Why Generative Models Are Not Neural Networks

Two objects get called the same word almost every week, and the confusion costs us real work. A generative model is a joint probability distribution over hidden causes and the observations they produce. A neural network is a family of parameterised functions that maps inputs to outputs. Composed, sometimes. Identical, never.

The generative model, precisely

In active inference the generative model is written as a joint distribution over hidden states, observations, actions, and parameters, typically P(o, s, a, theta). It is a claim about the world: which causes exist, how they evolve, what they emit. In the discrete POMDP formulation used across the UNI labs, that claim is carried by the A, B, C, and D matrices (likelihoods, transitions, preferences, priors) as laid out in Parr, Pezzulo and Friston, Active Inference, MIT Press 2022 (Class E). The generative model is the organism's model of its world, nothing more and nothing less.

Inference over that model is a separate matter. Given observations, an agent computes an approximate posterior Q(s) over hidden causes by minimising variational free energy, an upper bound on surprise. Action selection is inference too: policies are scored by expected free energy, a functional that trades off pragmatic value (do I reach preferred outcomes) against epistemic value (do I reduce uncertainty about causes). None of that mathematics requires a neural network. It requires only that the joint distribution be specified and tractable enough to update.

The neural network, precisely

A neural network is a function approximator: a stack of linear maps and pointwise non-linearities whose weights are chosen to minimise a loss. It has no privileged relationship to hidden causes. It represents whatever the loss and data teach it to represent. Given the same data, one architecture may parameterise a classifier, another a density estimator, another a policy, another an autoencoder that resembles a generative model. The network is the parameter machinery, not the statistical object.

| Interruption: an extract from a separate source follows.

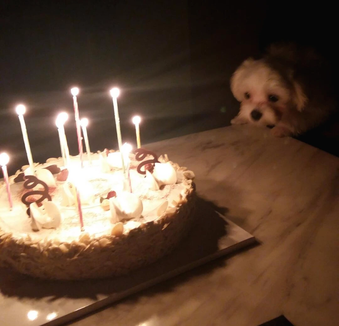ㅎㅎ... 우리 집 막내 여름이의 모습입니다. 태어나서 처음으로 생일 케이크를 보면서 뭐가 그렇게 신기한지 뚫어져라 바라보고 있습니다. 이제는 생일 축하해 줄 대상이 늘어난 것에 감사해야 할 듯합니다.

The confusion has a source. Modern deep generative models (variational autoencoders, diffusion models, autoregressive language models) do use neural networks to parameterise pieces of a joint distribution (Class C). The network approximates the likelihood, the prior, or the posterior. That composition is legitimate and productive. But the network is the tool. The joint distribution is the claim. Swapping the tool does not swap the claim, and swapping the claim does not require swapping the tool.

Where the confusion causes trouble

Three failure modes recur. First, people read "generative model" in an active-inference paper and quietly assume a deep network is required, then reject the framework because they cannot train one on their tiny dataset. The UNI Precision Lab shows a working active-inference agent with no neural network anywhere in the loop, running in your browser, driven by hand-specified matrices (Class C). The math does not need the network.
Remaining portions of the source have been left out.